# News sharing on Twitter reveals emergent fragmentation of media agenda and persistent polarization – EPJ Data Science

#### ByTomas Cicchini, Sofia Morena del Pozo, Enzo Tagliazucchi and Pablo Balenzuela

Aug 19, 2022

Twitter users sharing links to media content were selected in order to analyze the emergence of structures from their interactions, following a similar approach than in [3].

### Data

Twitter data was acquired using the official API [33], together with custom developed Python codes. The acquisition process consisted of the following steps:

User selection: live download. Twitter activity was downloaded using the Stream Listener tool in the Twitter API. Politically active users were filtered by keywords (discarding retweets) associated with politicians, electoral alliances and political parties (see keywords in see Additional file 1) during the primary 2019 Argentinian elections (between August 5th and August 12th). Also, a control group was selected using keywords associated to the name of the main media outlets in Argentina (also discarding retweets) during the period from August 29th to September 30th 2019 and from June 4th to July 4th 2020. We collected a similar number of users for both datasets: 38K for 2019 and 35K for 2020.
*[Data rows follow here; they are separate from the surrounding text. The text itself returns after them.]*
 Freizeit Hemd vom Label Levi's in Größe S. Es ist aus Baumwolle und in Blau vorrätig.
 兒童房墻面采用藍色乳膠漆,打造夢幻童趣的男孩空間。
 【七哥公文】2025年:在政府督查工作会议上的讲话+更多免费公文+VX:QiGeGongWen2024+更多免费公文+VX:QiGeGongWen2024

Twitter activity: tweet download. Full twitter activity corresponding to both datasets was downloaded during two different periods of time: from August 29th to September 30th 2019 and from June 4th to July 4th 2020. We collected 1,368,914 tweets of politically active users in 2019 and 987,271 tweets in 2020. The control dataset comprised 511,308 tweets in 2019 and 576,137 tweets in 2020.
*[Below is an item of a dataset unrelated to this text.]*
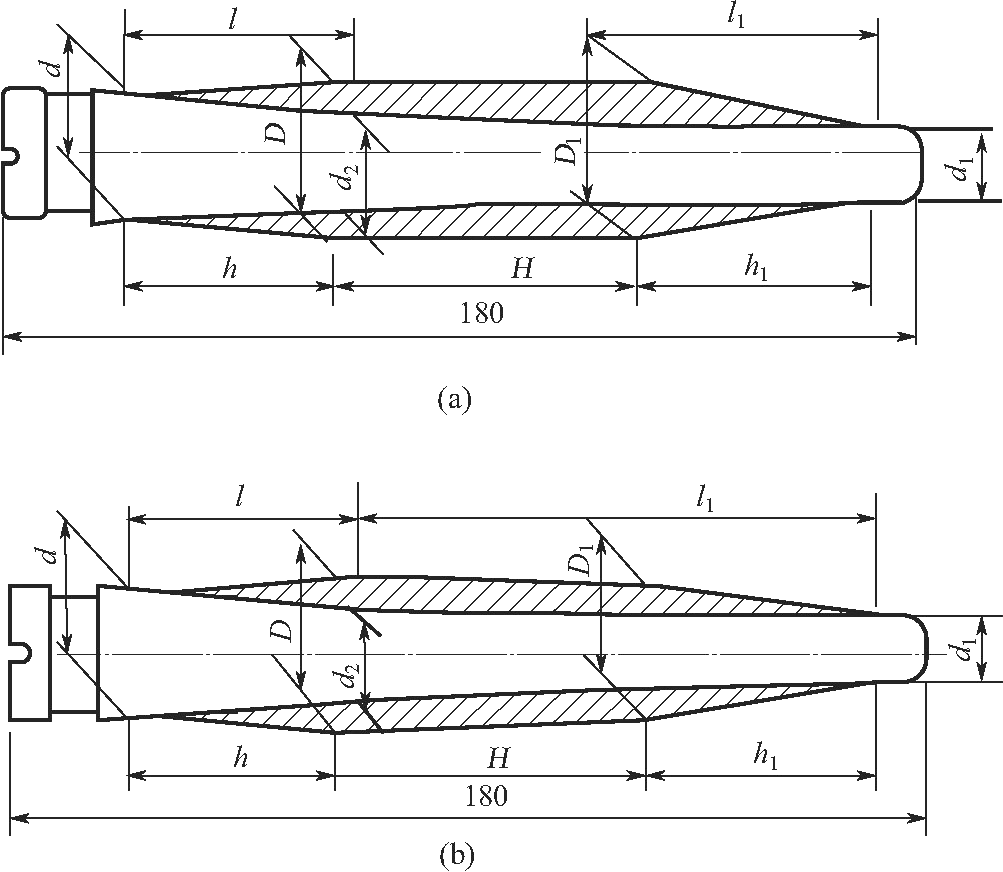 一般经纱、纬纱管的卷装形式如图3-1所示。其中,图3-1(a)所示纱管中部为圆柱体,D=D1。图3-1(b)所示为中部是上小下大的圆锥体的纬纱管卷装,两种纱管的卷装体积计算有一定误差。以下为根据图3-1(a)进行的纱管卷装计算。

Embedded URLs in tweets: From previously downloaded tweets, we keep only those containing embedded URLs.

URL filter: Outlet domains were obtained from the URLs together with an Argentinian media database provided by ABYZ News Links [34]. We only keep tweets from the major twenty Argentinian media outlets, obtaining 80,811 and 66,688 tweets for the dataset comprising politically active users, and 31,811 and 41,593 tweets for the control dataset in 2019 and 2020 respectively.

The bipartite network data is shown in Table 1.

### Methods

#### Bipartite networks and their projections

The complex patterns of news shared by multiple users can be mapped onto bipartite networks following the procedure sketched in [3].

Bipartite networks have two different classes of nodes; in this case, the networks can be projected into news and user layers. Connections in the news projection indicate co-consumption across users, while the user projection describes users connected by news shared by both of them.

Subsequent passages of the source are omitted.